作为深RL勘探目标的回报预测错误 (Reward Prediction Error as an Exploration Objective in Deep RL)

A major challenge in reinforcement learning is exploration, when local dithering methods such as epsilon-greedy sampling are insufficient to solve a given task. Many recent methods have proposed to intrinsically motivate an agent to seek novel states, driving the agent to discover improved reward. However, while state-novelty exploration methods are suitable for tasks where novel observations correlate well with improved reward, they may not explore more efficiently than epsilon-greedy approaches in environments where the two are not well-correlated. In this paper, we distinguish between exploration tasks in which seeking novel states aids in finding new reward, and those where it does not, such as goal-conditioned tasks and escaping local reward maxima. We propose a new exploration objective, maximizing the reward prediction error (RPE) of a value function trained to predict extrinsic reward. We then propose a deep reinforcement learning method, QXplore, which exploits the temporal difference error of a Q-function to solve hard exploration tasks in high-dimensional MDPs.
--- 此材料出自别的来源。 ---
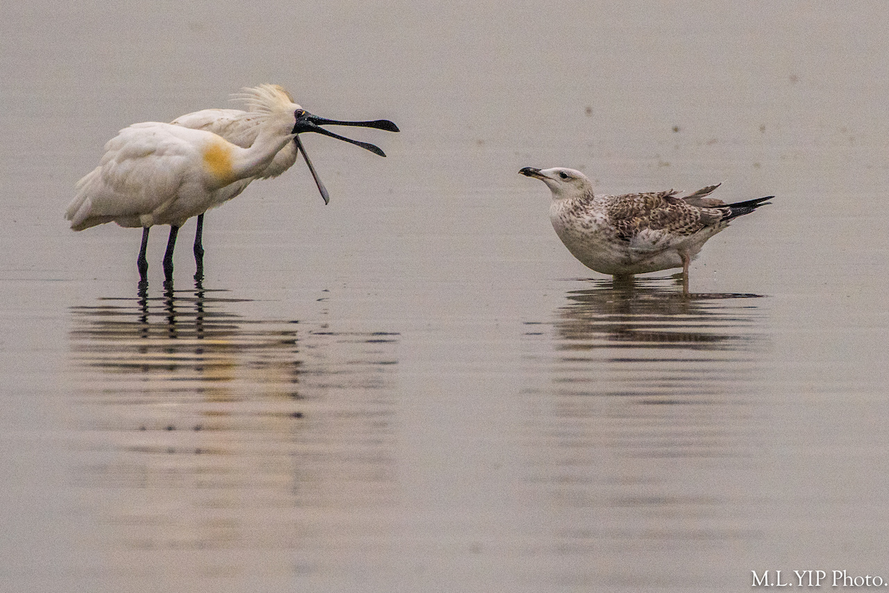 黑臉琵鷺與灰背鷗本屬不同的科種,但在泥灘上,它們又似乎是有點交流和溝通.

We demonstrate the exploration behavior of QXplore on several OpenAI Gym MuJoCo tasks and Atari games and observe that QXplore is comparable to or better than a baseline state-novelty method in all cases, outperforming the baseline on tasks where state novelty is not well-correlated with improved reward.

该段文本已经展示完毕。